Nestlé annonce 2 nouvelles machines à thé à capsules : une "Spécial. T Premium" à 129 € avec des finitions chrome et titanium, fabriquée par Delonghi, et l'autre baptisée Mini T et décrite comme ultra compacte, commercialisée à 99 €. Le fabricant mise sur la simplicité d'utilisation, la compacité et le système multiboisson automatisée mais personnalisable.
Parce que les amateurs de café n'ont pas le monopole de la machine à café, le groupe Nestlé, spécialiste des cafetières à dosettes avec la marque Nespresso, commercialise également depuis quelques années des machines à thé à capsules.
Si certains puristes du rituel du thé désapprouveront l'automatisation de sa préparation, l'argument majeur de ces machines repose bel et bien sur la promesse d'un thé parfait.
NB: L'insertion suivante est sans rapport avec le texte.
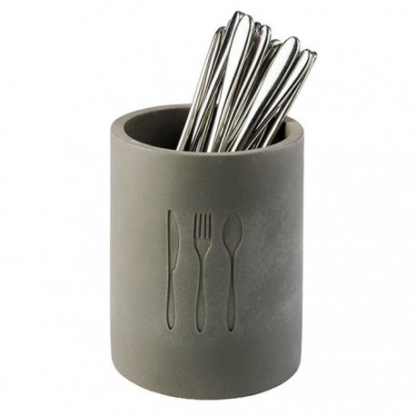 Seine robuste Konstruktion aus Beton sorgt für Langlebigkeit und Stabilität, so dass Sie Ihr Besteck sicher aufbewahren können. Außerdem verfügt der Behälter über ein praktisches Tropfloch in der Mitte, durch das überschüssiges Wasser abfließen kann und sich keine Feuchtigkeit bildet.
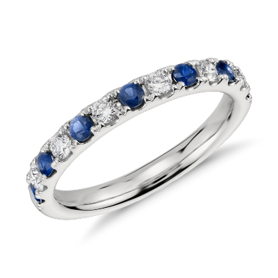 Classic and stunning, this sapphire and diamond band features alternating stones set in enduring platinum, perfect for a wedding or anniversary band.
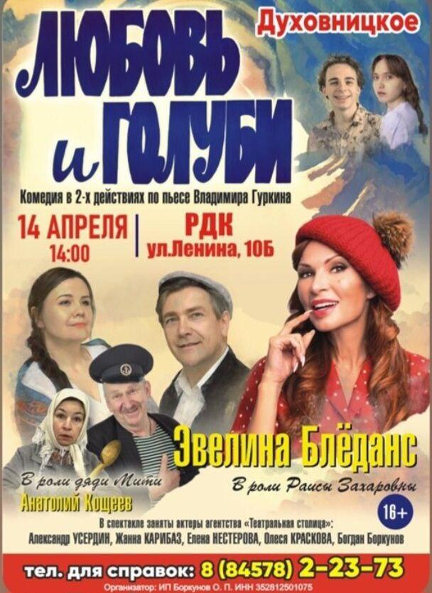 14 апреля 14.00 в Районном Доме культуры пройдёт спектакль "Любовь и голуби" по пьесе Владимира Гуркина.
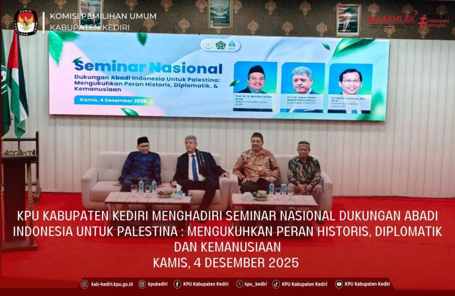 KPU Kabupaten Kediri Menghadiri Seminar Nasional bertema Dukungan Abadi Indonesia untuk Palestina: Mengukuhkan Peran Historis, Diplomatik, dan Kemanusiaan
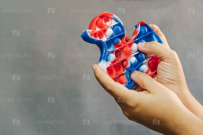 Детская антистрессовая игрушка простая ямочка в виде уточки в женских руках. Серый фон. Крупный план поп-игрушки
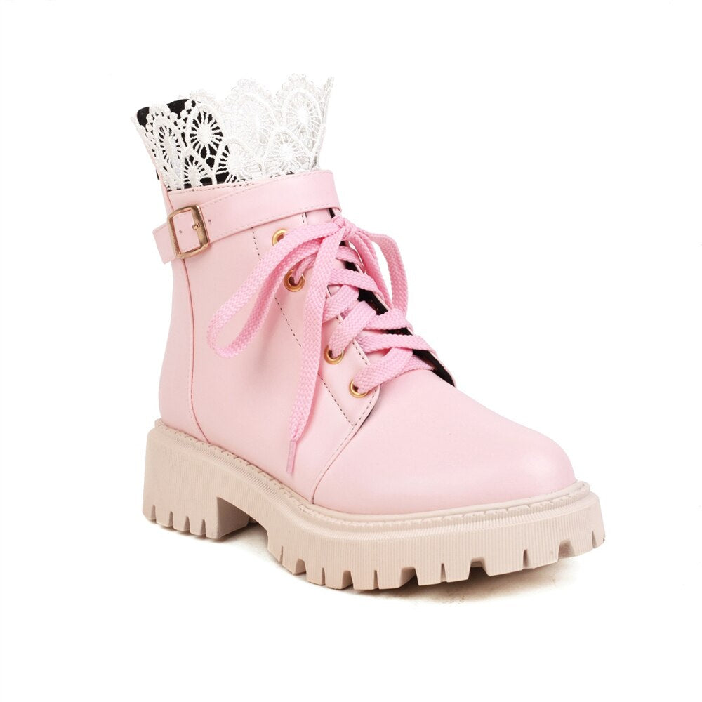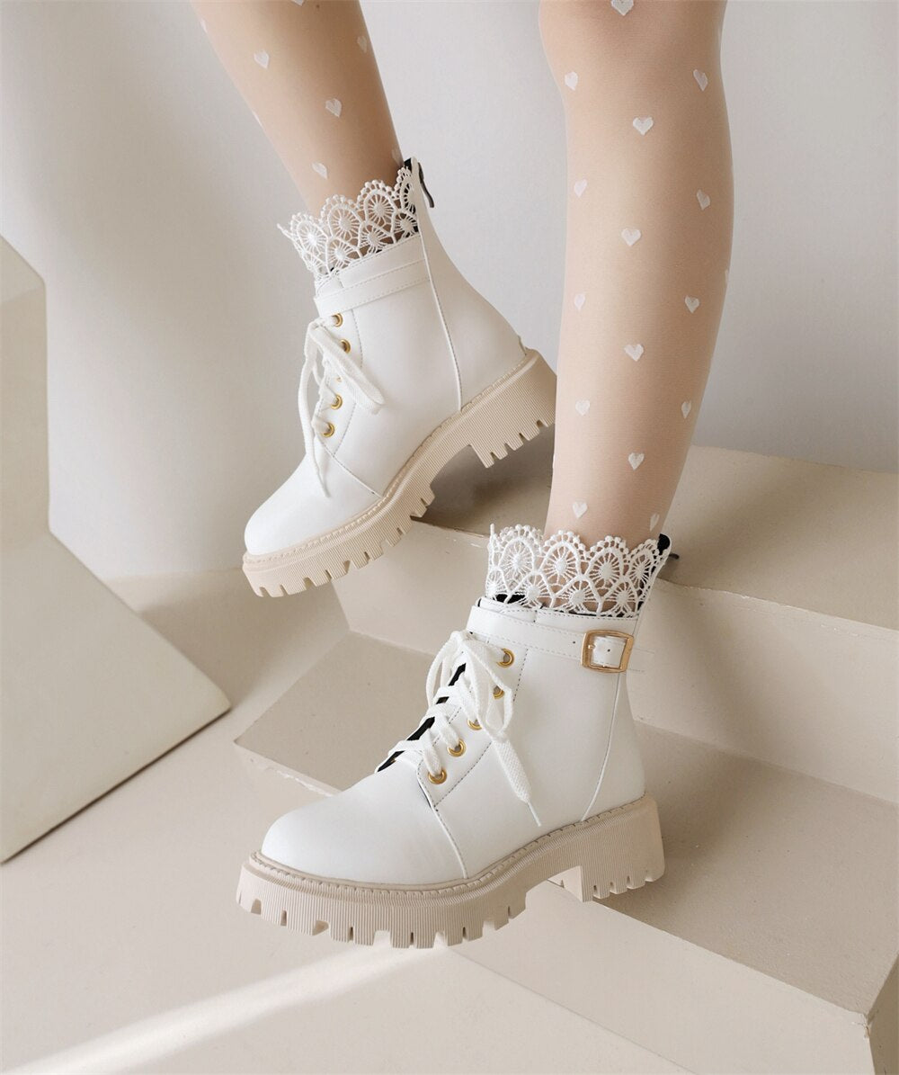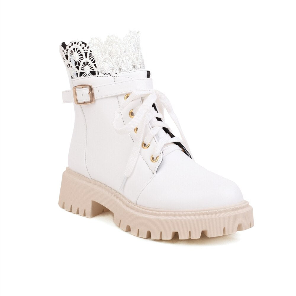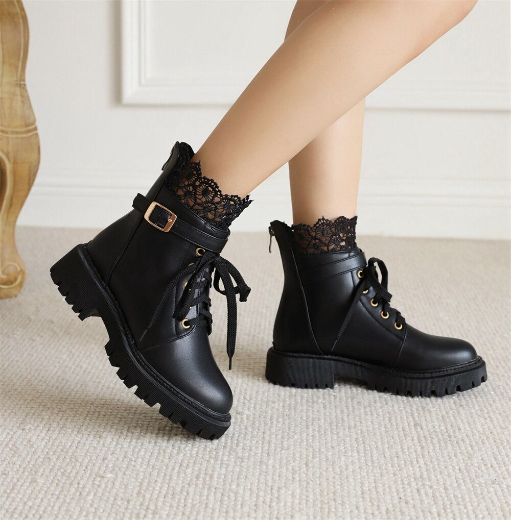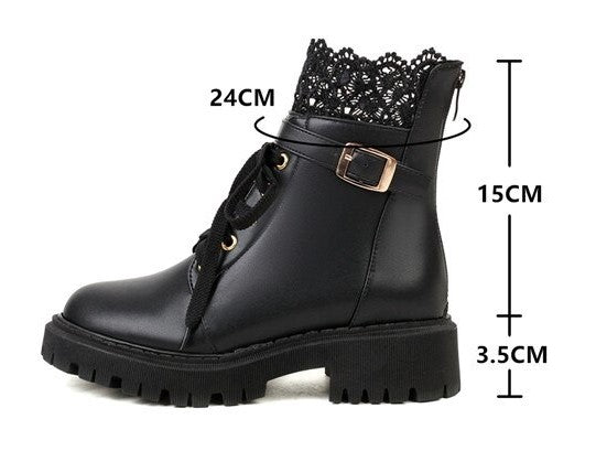 Botas De Combate Con Cordones y Encaje

D'une part parce que la capsule en aluminium est censée préserver tout l'arôme du thé sans l'éventer et, d'autre part, parce que les machines promettent "la tasse de thé parfaite" avec un réglage automatique du temps d'infusion et de la température. Celui-ci est basé sur le même principe que les dosettes T-Discs de Tassimo dotées d'un code-barres.
Nous avions éprouvé la facilité d'utilisation de ces machines lors d'une prise en main d'un modèle Nestlé Special. T sorti en 2013. Nous concluions alors : "Les promesses de Special. T sont tenues : la machine est simple à utiliser, elle infuse les thés à des températures différentes et propose un choix de capsules assez étendu. Sa compacité est confortable — son design nous a également plu, mais ce point est plus subjectif. Nous avons aussi apprécié qu'elle soit discrète et rapide au préchauffage. Une famille choisira sans doute plus volontiers une machine multiboisson pour satisfaire chacun. Mais un amateur de thé peut tout à fait porter son choix sur une telle machine, même si elle n'est pas donnée. L'achèterions-nous après l'avoir utilisée ? Nous apprécions son thé, et oui, après utilisation, nous l'avons trouvée agréable et pratique."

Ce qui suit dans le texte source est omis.